El taxista, que debía tener unos sesenta años y el bigote bien negro, siguió hablando de algo que ya no recuerdo, así que me bajé. El taxi no era negro y amarillo, sino negro y rojo.
—Qué loco está este tipo —dije, cuando ya no podía oírme.
Caminé unos metros hasta la otra avenida y paré un segundo taxi. Era una especie de Ford Falcon muy viejo, muy bajo, con una visera enorme sobre el parabrisas. Me senté como siempre en el asiento trasero, pero por algún motivo el taxista estaba sentado junto a mí, y en realidad era el asiento delantero, un lugar muy cómodo, muy agradable, tanto como la charla del propio taxista, de la que no me quedó nada.
Dimos vueltas durante un largo rato antes de que me diera cuenta de que no le había dicho dónde íbamos.
—A la avenida Toledo —dije.
—¿Toledo y qué? —preguntó el taxista, y entonces comprendí que me había olvidado completamente del nombre de la otra calle.
—No sé. Voy a una exposición que está sobre Toledo.
—¿Qué exposición?
Pero eso tampoco lo sabía. ¿Y ahora qué?
—¿Es muy larga la avenida Toledo? —le pregunté al taxista, pensando en ir a una punta y recorrerla cuadra por cuadra hasta encontrar la exposición.
Pero el taxista hizo un gesto desalentador.

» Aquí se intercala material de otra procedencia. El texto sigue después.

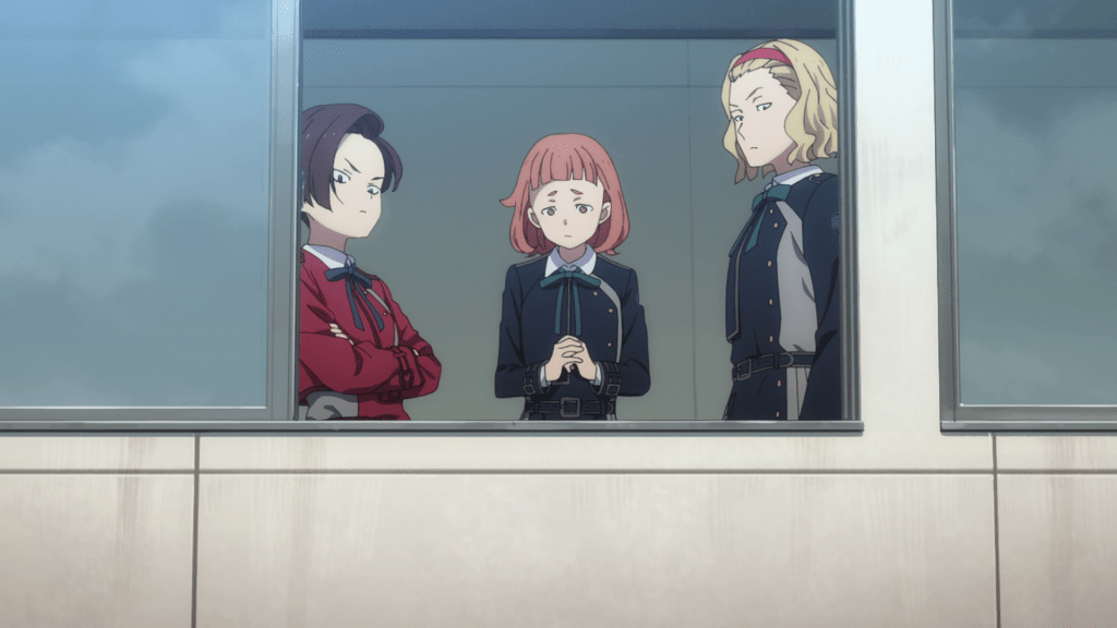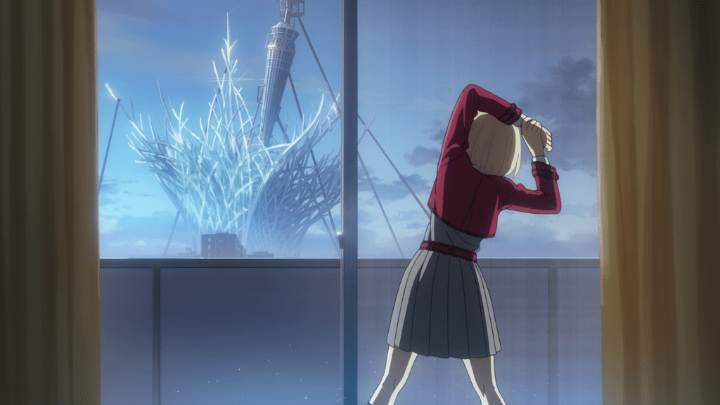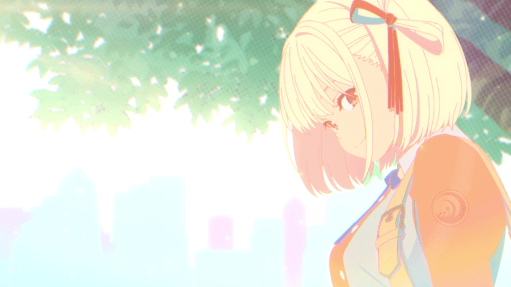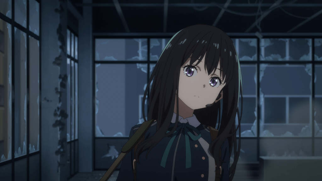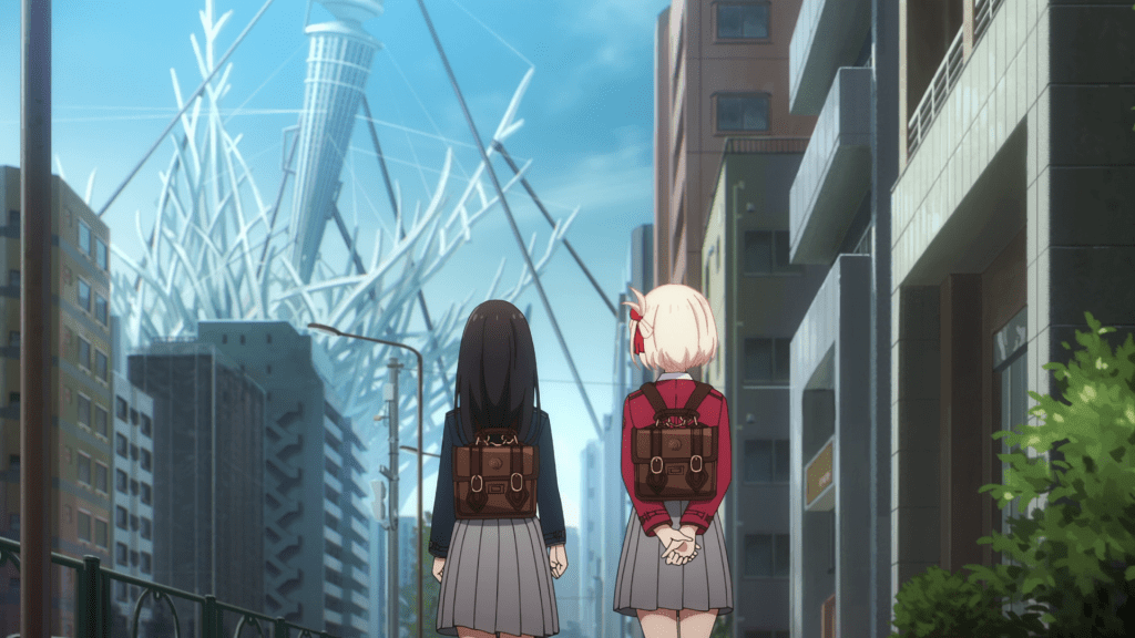 There’s a lot of intrigue surrounding Chisato. When asked by Takina regarding why she’s assigned to LycoReco, Chisato explains it’s because she’s the DA’s “problem child”. As the episode progresses, you start to see why she refers to herself as such. Despite working as a Lycoris, Chisato seems happier and prouder with the lower stake stuff she does for her community. The fight scene reveals Chisato prefers to use non-lethal methods and that includes the type of ammunition she uses for her gun. Evidently, Chisato follows the beat of her own drum. As to how she came to be this way, that remains a mystery though one bit of backstory mentioned in the episode is a great battle between Chisato and a group of terrorists that took place in a radio tower, the remains of which can seen in the background of several shots. Apparently, the tower’s remains are a symbol of peace but I’m convinced that it may also speak of Chisato’s character, suggesting that she chose to turn a new leaf after what happened in the tower.

—¿Me puede decir algunos cruces principales? —dije ahora, esperando poder reconocer la calle que había olvidado.
El taxista se puso a pensar. Pero entonces yo estaba hablando por teléfono con una amiga, a quien acababa de contarle el problema y me insistía en que al menos tenía que saber de qué exposición se trataba. El teléfono era en realidad unos auriculares. La cabeza me daba vueltas con ideas para descubrir a dónde tenía que ir, pero nada parecía efectivo. Además, me estaba quedando sin pilas.

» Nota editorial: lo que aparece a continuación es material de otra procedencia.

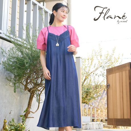 マルイウェブチャネル   /   ミゼール   /   ワンピースドレス   /   その他ワンピース   /   【洗える・体型カバー・M〜3Lサイズ】レーストリムキャミワンピース(ネイビー)

En realidad, los Beatles no habían grabado ningún disco nuevo.
En una mesa del tenedor libre que está un poco adelante y un poco a la izquierda de mí hay una chica más bien gordita, linda, con un escote rojo completamente abrumador, y sobre la prenda roja un saquito negro abierto. Está con su novio. Cuando él se levanta a buscar algo de comida, ella se cierra el saquito como una monja. Cuando el novio vuelve, asoma otra vez el abismo bordeado de rojo.
Nuevas frases célebres, a veces mejores que las clásicas, surgen cuando se combina de a dos las preexistentes. Y no hablo del chiste fácil, la contradicción galopante, el surrealismo que acecha a la vuelta de la esquina.
Acabo de combinar sin mayor cuidado algunas de las muchas frases célebres que mi trabajo me exige coleccionar (para hacer sopas de letras y otros juegos con palabras), y como resultado, en pocos minutos, obtuve cosas que al menos merecen ser leídas:
[1/8/2003]
Un nuevo ejemplo de mimetismo en las playas argentinas
(También conocido como “mercado de pulgas de Mar del Plata”.)
Al teléfono, pidiendo unas empanadas de carne, aclaro:
—Por favor, que no sean picantes.
Cuando llegan y las probamos, pican. Gabriel interpreta:
—Seguro que te entendió “que nos sean picantes”.